基于Tpot的遗传算法自动化建模之核心源码解读

遗传算法及scala实现见文章：https://blog.csdn.net/hgy0403/article/details/81287490

Tpot的涉及到的建模过程，以TPOT light为例主要有3块：Classifiers、Preprocesssors、Selectors，tpot的遗传算法优化是以pipeline为基础的，也就是说pipeline就相当于基因序列。通过构建初始pipeline，再经过遗传算法中的交叉、变异最终生成符合条件的模型效果较好的pipeline。我们从最优的那一代中选取其中建模效果最好的pipeline即可，tpot是基于sklearn框架的，它本身不去实现我们常用的分类回归等算法。而是通过遗传算法优化pipeline。也就是从中选出最优的数据处理、特征选择、分类算法的组合。

先来个简单的tpot的使用实例：

#!/usr/local/bin/python
# -*- coding:utf-8 -*-
from tpot import TPOTClassifier
from sklearn.datasets import load_iris
from sklearn.datasets import load_digits
from sklearn.model_selection import train_test_split

iris = load_digits()
iris.data[0:5], iris.target
print iris
X_train, X_test, y_train, y_test = train_test_split(iris.data, iris.target,
                                                    train_size=0.75, test_size=0.25)
X_train.shape, X_test.shape, y_train.shape, y_test.shape

tpot = TPOTClassifier(verbosity=2, max_time_mins=2,config_dict="TPOT light",population_size=10,mutation_rate=0.9,crossover_rate=0.1)
tpot.fit(X_train, y_train)
print(tpot.score(X_test, y_test))

运行结果如下：

核心源码解读（源码较简单只要找到算法核心代码部分，阅读不难，这里只展示核心代码部分）：

1、初始群体的生成

这段代码可以看出，pipeline的构建是通过生成不同深度的树类构建初始pipeline的，大致过程是先确定树的深度，从Classifiers中选择一个分类器放入树的顶端，接下来构建分类器的参数，以上均为随机选取。如果树的深度大于1，则还需要从Preprocesssors、Selectors中选择算子加入到pipeline中，还要进行参数初始化.

    def _generate(self, pset, min_, max_, condition, type_=None):
        """Generate a Tree as a list of lists.

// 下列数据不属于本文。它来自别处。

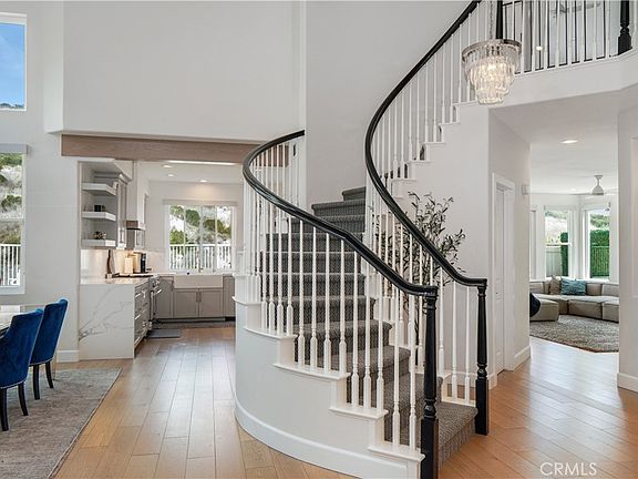 Private doesn't begin to describe this rare 5 bedroom-end of the peninsula cul-de-sac-pool home. 4 Celonova Place, Foothill Ranch exceeds expectations not only with its superior location but also with its freshly and fully remodeled interior. The meticulously developed exterior has been renovated and the lot offers amazing canyon views. With nearly 2900 square feet of living space and a 3-car garage, this home has room for everyone. From the moment you step through the double front doors you are greeted with an open and airy feeling of just being at home. The grand entrance opens into a bright and spacious living room with soaring 2-story ceilings that seamlessly connect through the living room into the formal dining area. The family room has a relaxing and cozy ambiance accentuated by a fireplace and flows perfectly into the remodeled family style kitchen where you will find a beautifully appointed chef’s kitchen with high-end finishes and dramatic lighting that really sets the mood. Stainless Steel appliances, a very large pantry and an absolutely stunning view of the pool overlooking the hills round out the amenities. The Main Floor Bedroom and bath is perfect for out of town and extended stay guests. The stunningly eye-catching spiral staircase leads to the 4 upstairs rooms. The Primary Bedroom brings the outdoors in and leads you to your very own private outdoor balcony where you can unwind and enjoy a peaceful morning, or gaze at the stars after a long day. Truly relax in the ensuite with spa like features and finishes that satisfy every sense. You will never be cramped for space with his and hers large walk-in closets and dual vanities. OUTSIDE, the home is set back on a single loaded street with a 3-car driveway. The backyard is an absolute oasis and is the perfect setting for outdoor gatherings. "By Day" you can bask in the California sun while soaking in the soothing salt water pool and "By Night" relax in the spa. The outdoor living space is true California Living with a fully equipped Bar and BBQ. The large patio is covered for outdoor gaming and turf grass surrounds the patio and pool area to keep maintenance to a minimum. You will also have access to the HOA amenities that include a pool, spa, sports court and picnic areas. Just minutes from world-class shopping, dining and Blue Ribbon schools which are Foothill Ranch, Santa Margarita Middle, and Trabuco High, this home has something for everyone.
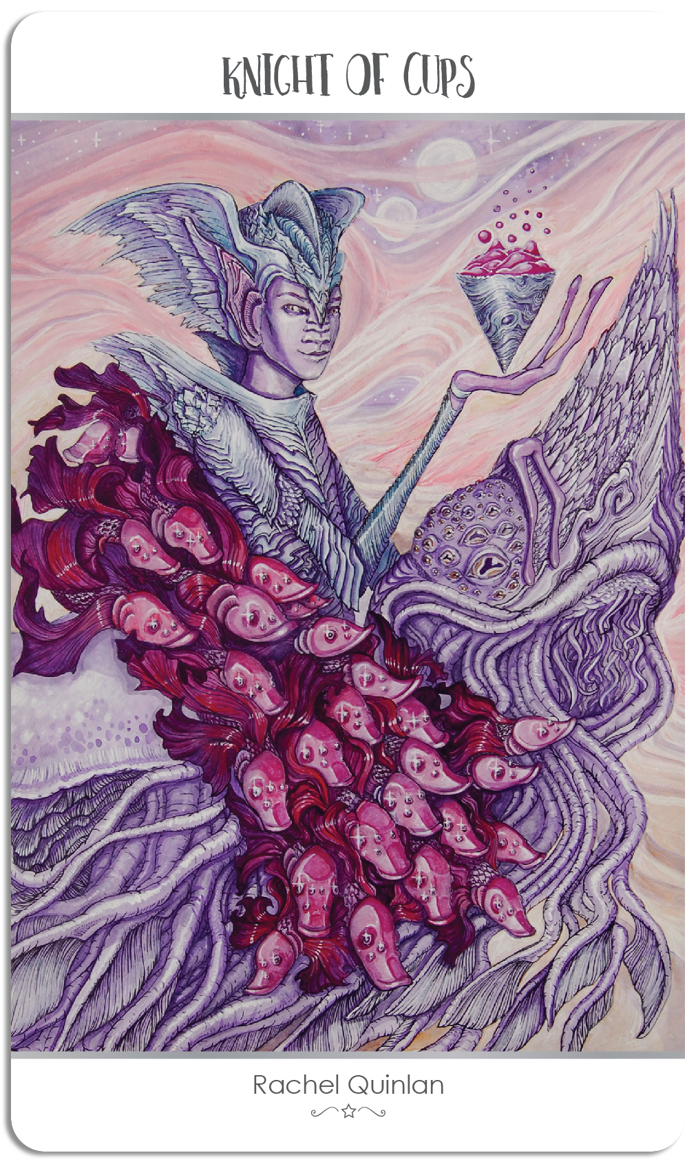 My version of the Knight of Cups for 78 Tarot Astral was based off of the Rider Waite version of the card. The winged helmet is a symbol of creativity and imagination. The white steed symbolizes purity and evokes a sense of calmness and ease, as well as power and initiative. The red fish swirling around the figure act as a cape, a symbol of creativity and consciousness. This is reflected in the liquid offered in the knight’s cup. The palette consists of warm reds, pinks, purples, and oranges to suggest a romantic mood to the piece, as well as to give the impression of an alien atmosphere. I’ve also added dual moons in the sky, alluding to the romantic nature of this card. The knight is gazing at the viewer with a wry smile. He is charming…
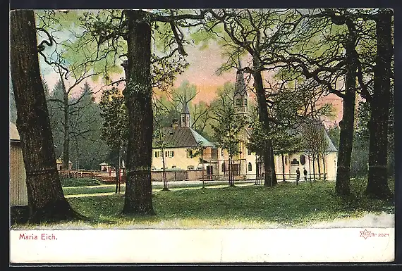 AK Maria Eich, Blick zur Kirche mit Nebengebäude
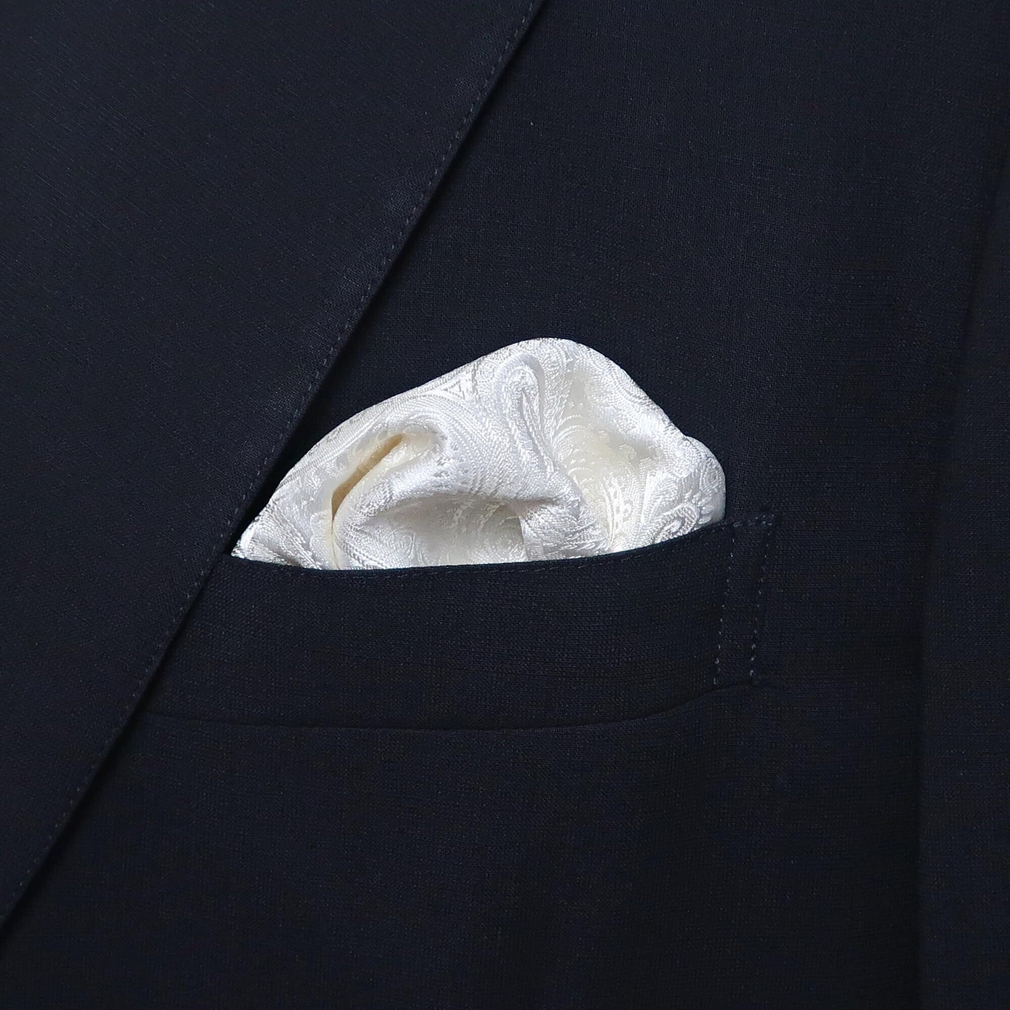 ポケットチーフ フォーマル ペイズリー柄 アイボリー 英国製シルク ジャガード織り 日本製 胸ポケットに挿すだけ CW-PC038

        The tree is build from the root to the leaves, and it stop growing when
        the condition is fulfilled.

        Parameters
        ----------
        pset: PrimitiveSetTyped
            Primitive set from which primitives are selected.
        min_: int
            Minimum height of the produced trees.
        max_: int
            Maximum Height of the produced trees.
        condition: function
            The condition is a function that takes two arguments,
            the height of the tree to build and the current
            depth in the tree.
        type_: class
            The type that should return the tree when called, when
            :obj:None (default) no return type is enforced.

        Returns
        -------
        individual: list
            A grown tree with leaves at possibly different depths
            dependending on the condition function.
        """
        if type_ is None:
            type_ = pset.ret
        expr = []
        height = np.random.randint(min_, max_)
        stack = [(0, type_)]
        while len(stack) != 0:
            depth, type_ = stack.pop()

            # We've added a type_ parameter to the condition function
            if condition(height, depth, type_):
                try:
                    term = np.random.choice(pset.terminals[type_])
                except IndexError:
                    _, _, traceback = sys.exc_info()
                    raise IndexError(
                        'The gp.generate function tried to add '
                        'a terminal of type {}, but there is'
                        'none available. {}'.format(type_, traceback)
                    )
                if inspect.isclass(term):
                    term = term()
                expr.append(term)
            else:
                try:
                    prim = np.random.choice(pset.primitives[type_])
                except IndexError:
                    _, _, traceback = sys.exc_info()
                    raise IndexError(
                        'The gp.generate function tried to add '
                        'a primitive of type {}, but there is'
                        'none available. {}'.format(type_, traceback)
                    )
                expr.append(prim)
                for arg in reversed(prim.args):
                    stack.append((depth + 1, arg))
        return expr

2、适应性值评估检测

    def _evaluate_individuals(self, individuals, features, target, sample_weight=None, groups=None):
        """Determine the fit of the provided individuals.

        Parameters
        ----------
        individuals: a list of DEAP individual
            One individual is a list of pipeline operators and model parameters that can be
            compiled by DEAP into a callable function
        features: numpy.ndarray {n_samples, n_features}
            A numpy matrix containing the training and testing features for the individual's evaluation
        target: numpy.ndarray {n_samples}
            A numpy matrix containing the training and testing target for the individual's evaluation
        sample_weight: array-like {n_samples}, optional
            List of sample weights to balance (or un-balanace) the dataset target as needed
        groups: array-like {n_samples, }, optional
            Group labels for the samples used while splitting the dataset into train/test set

        Returns
        -------
        fitnesses_ordered: float
            Returns a list of tuple value indicating the individual's fitness
            according to its performance on the provided data

        """

        operator_counts, eval_individuals_str, sklearn_pipeline_list, stats_dicts = self._preprocess_individuals(individuals)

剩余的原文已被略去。